It is a reality of the television age that Yarborough’s place in racing lore will be pegged not to his long list of accomplishments but to a race he didn’t win—the 1979 Daytona 500. In one of the most famous NASCAR finishes of all time, Yarborough and Donnie Allison crashed while racing for the lead in the third turn on the final lap, opening the door for Richard Petty to inherit the win. Yarborough and Allison, joined by Donnie’s brother, Bobby, engaged in brief fisticuffs near their crashed cars, giving television viewers, many new to NASCAR, a quick tutorial in the sport’s sometimes wild ways.

Remembering that day years later, Yarborough said, “I think it opened the world’s eyes to stock car racing. I mean, they said, ‘These guys are for real. They’ll get out and duke it out if they have to.’ The only regret I have is that it wasn’t a better fight.”

Yarborough and the Allisons settled their differences quickly and raced on.

A star athlete in high school, Yarborough could have followed any number of paths into adulthood.
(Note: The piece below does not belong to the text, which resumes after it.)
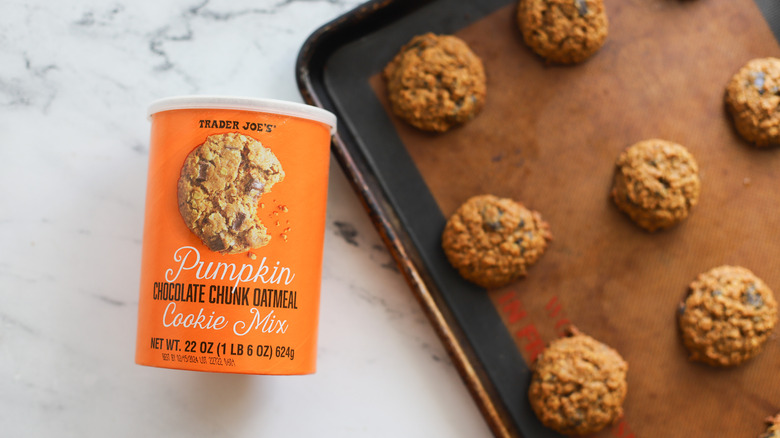 There's nothing like getting cozy on a cool autumn day and whipping up a batch of warm cookies to enjoy with your favorite movie. Handy baking kits like this Pumpkin Chocolate Chunk Oatmeal Cookie mix from Trader Joe's fits the bill perfectly. You can whip up a nice treat without having to measure out a ton of ingredients. All you have to do is add in a couple eggs and some softened butter, then scoop and bake. This cookie mix makes 24 cookies, depending on the size, so you'll have plenty to enjoy and some to share.
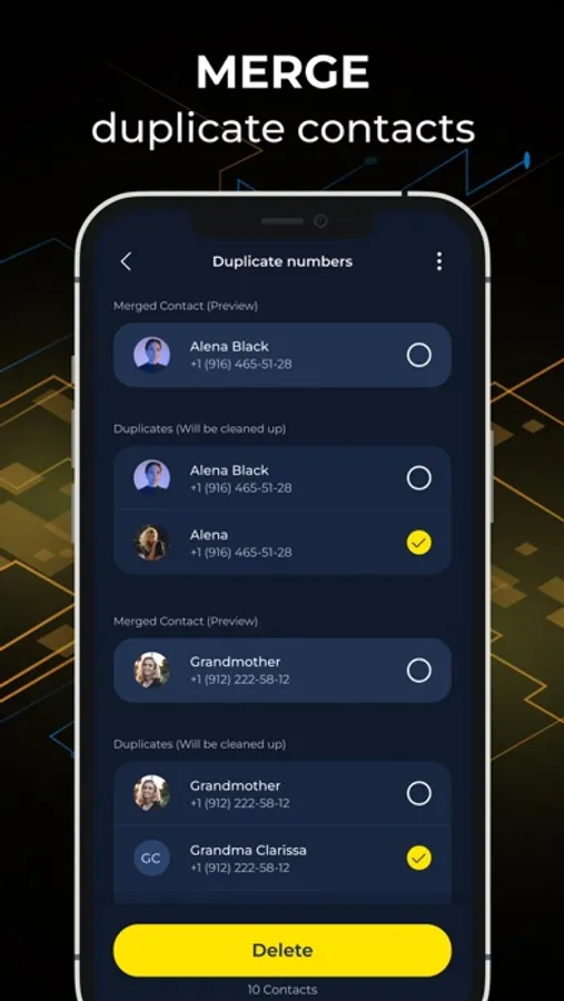 It will also help you create a contact list united by anything: name, number or email. Then you can preview them and delete whatever you don't need.

He seriously considered attending Clemson University on a football scholarship but eventually told coach Frank Howard he wanted to pursue a career as a race car driver. “You’ll starve to death, son,” Howard told him.

Yarborough was pleased to prove Howard wrong, and they became fast friends, Howard later joining Yarborough in a victory lane celebration at Talladega Superspeedway and pulling him aside to admit that, yes, questioning the kid’s career choice was a bad move.

Across the years, many competitors perhaps wished Yarborough had pursued that other game.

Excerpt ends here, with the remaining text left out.